[Pao-Yang Chen] EED is required for Mouse Primordial Germ Cell Differentiation in the Embryonic Gonad

Lowe and Yen et al., 2022 Developmental Cell

DNA methylation and H3K27me3 are required to prevent precocious PGC differentiation in response to sex-specific developmental signals during sex determination in the embryonic ovary and testis. Three types of genes regulation are identified during PGC development.
Promoters that exhibit H3K27me3 in both epiblast PGCs are involved in organismal development; Promoters begin with high levels of DNA methylation in the epiblast and then gain H3K27me3 after loss of DNA methylation are involved in cell signaling and anchorage.
Promoters with high levels of DNA methylation and H3K27me3 in epiblast in both epiblast and PGCs are related to gametogenesis.

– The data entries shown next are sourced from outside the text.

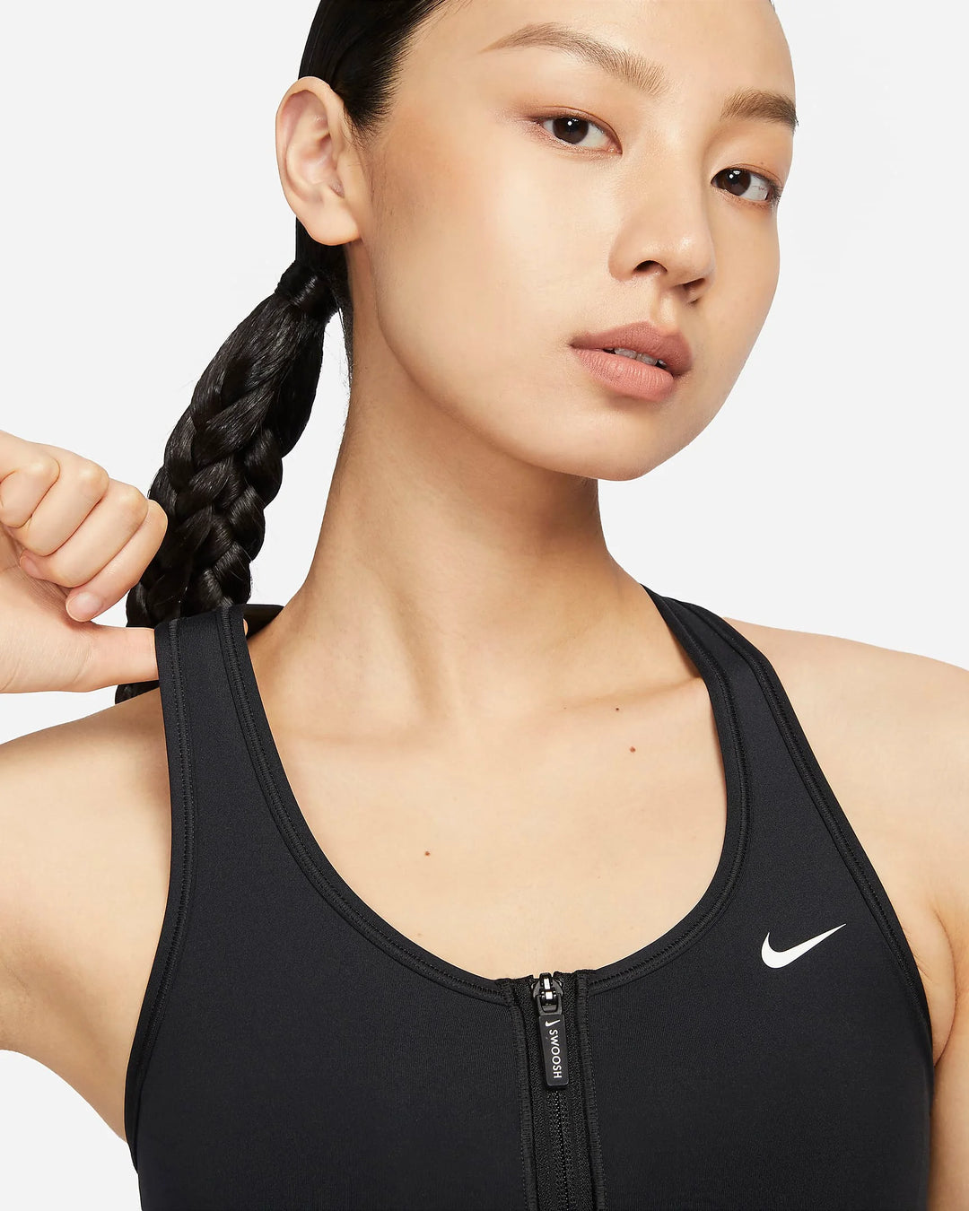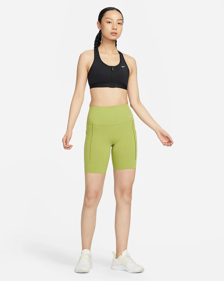 Getting in and out of your bra shouldn't be the hardest part of your workout. This Swoosh bra's front-zip design makes changing easier while still offering plenty of security with a semi-automatic locking zip. Great for training workouts and dance classes, its medium support gives you a snug hold that helps keep everything in place. Sewn-in pads stay in place so you can work hard without worrying about them shifting or folding. Plus, its sweat-ready, adaptive fabric quickly recovers its shape so you can stay comfortable throughout your workout.
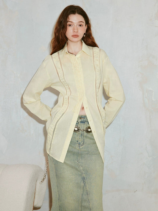 레트로 할로우 레이스 스티치 플리츠 셔츠
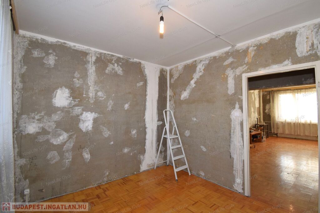 A belső felújítási munkálatok elkezdődtek, a régi tapétát eltávolították, a burkolatok a függőleges felületekről illetve a konyhabútor is elszállításra került. A fürdőszobai kádat is kimozdították, a mosdókagyló már nincs bent.
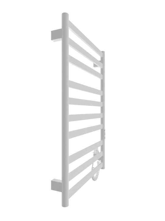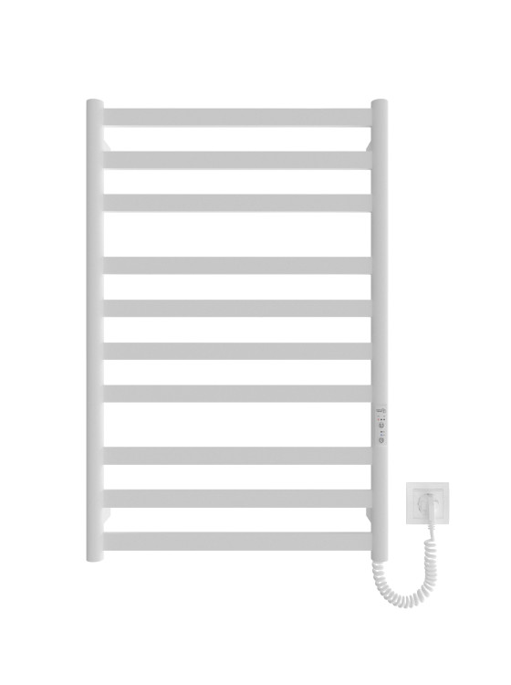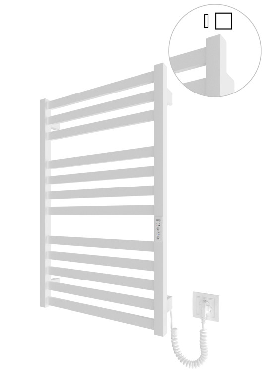 Електрична рушникосушарка HF Oxford 770х530. Працює за технологією сухого ТЕНу. Обладнана вбудованим таймер-регулятором і конектором для підключення до живлення з будь-якого боку. Оснащена комплектом для прихованого підключення. Модель має 12 ребр з прямокутногої труби та стійки з квадратної труби. Матеріал - чорна сталь з антикорозійною обробкою(фосфотація). Варіанти покриття: чорний мат або білий мат. Температурні режими таймер-регулятора: 40°С, 45°С, 50°С. Час роботи: 3, 6 годин або постійний нагрів. Потужність 130 Вт. Гарантія - 3 роки.
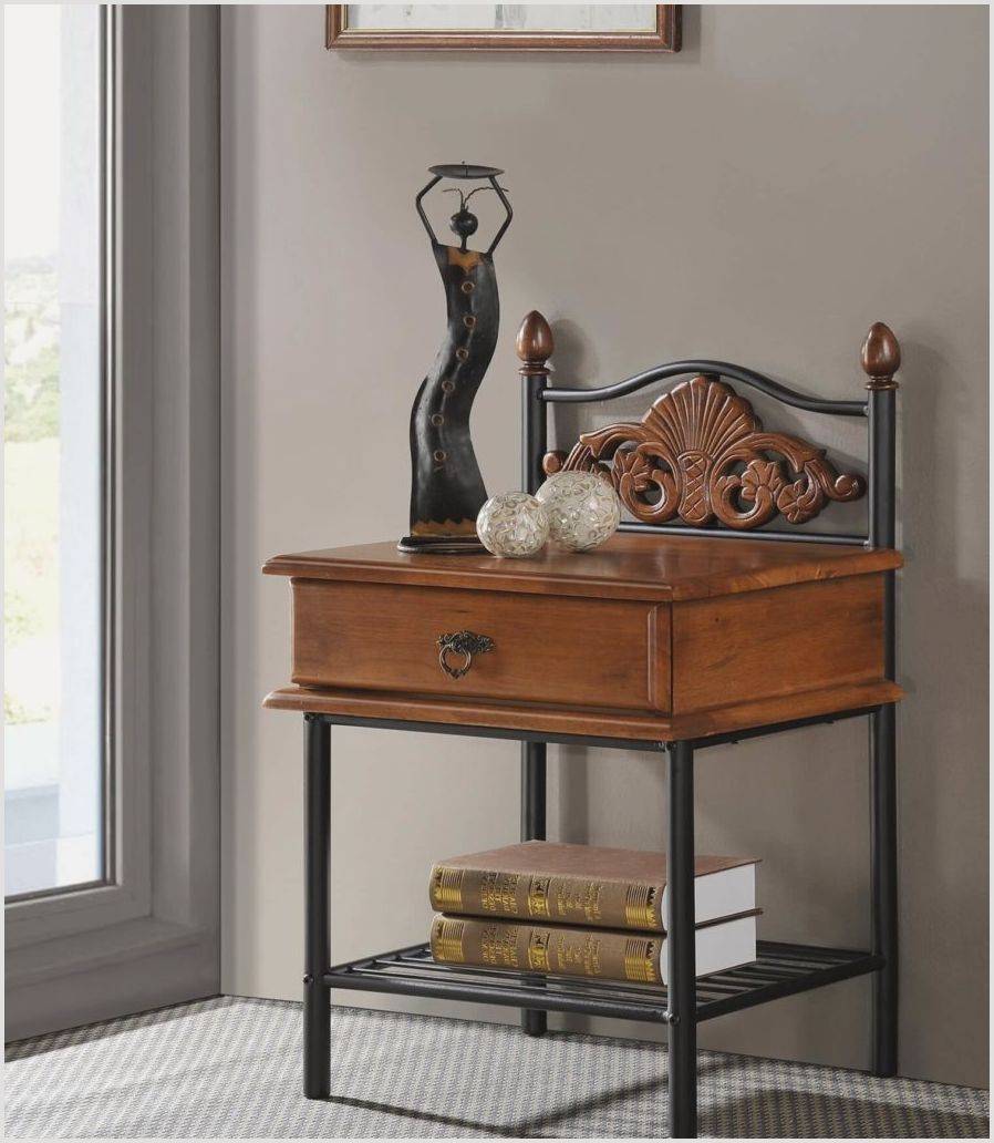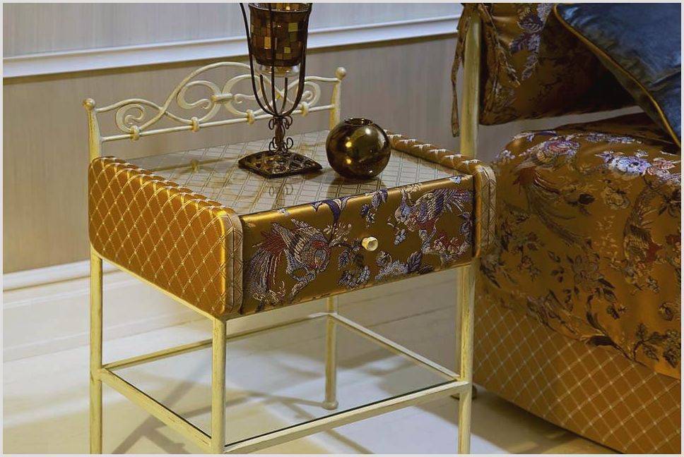 - Миниатюрные кованые экземпляры мебели могут располагаться возле кроватей в качестве тумбочек. Для хранения мелочей в них предусмотрены розетки, корзины или ящички.
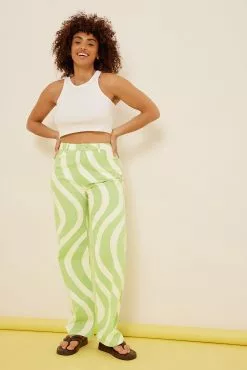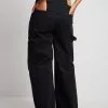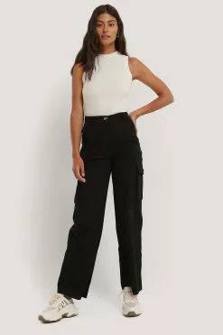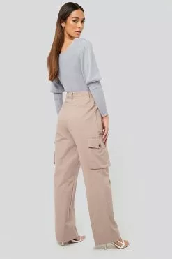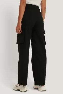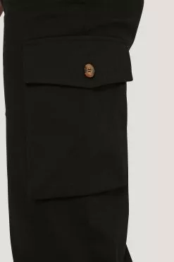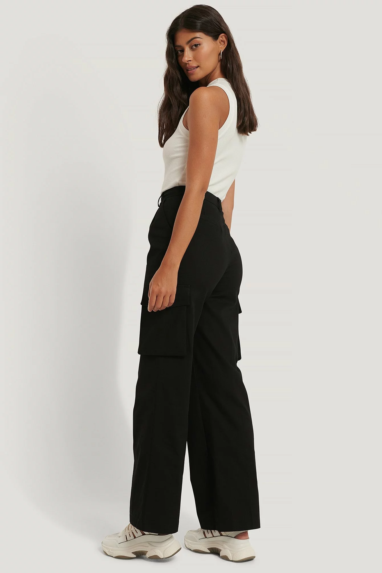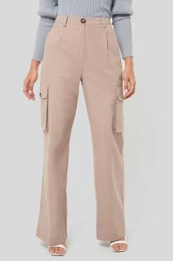 These pants feature a cargo design, a high waist fit, a zipper and button closure, two side pockets with a button closure, two back mock pockets and long wide legs.

Development of Primordial germ cells (PGCs) is required for reproduction. During PGC development in mammals, major epigenetic remodeling occurs which is hypothesized to establish an epigenetic landscape for sex-specific germ cell differentiation and gametogenesis. In order to address the role of Embryonic Ectoderm Development (EED) and Histone 3 lysine 27 trimethylation (H3K27me3) in this process, we created a conditional deletion in EED and show that EED is essential for regulating the timing of sex-specific PGC differentiation in both ovaries and testes, as well as X chromosome dosage decompensation in testes. Integrating chromatin and whole genome bisulfite sequencing of epiblast and PGCs, we identified a poised repressive signature of H3K27me3/DNA methylation which we propose is established in the epiblast where EED and DNMT1 interact. Thus, EED joins DNMT1 in regulating the timing of sex-specific PGC differentiation during the critical window when the gonadal niche cells specialize into an ovary or testis.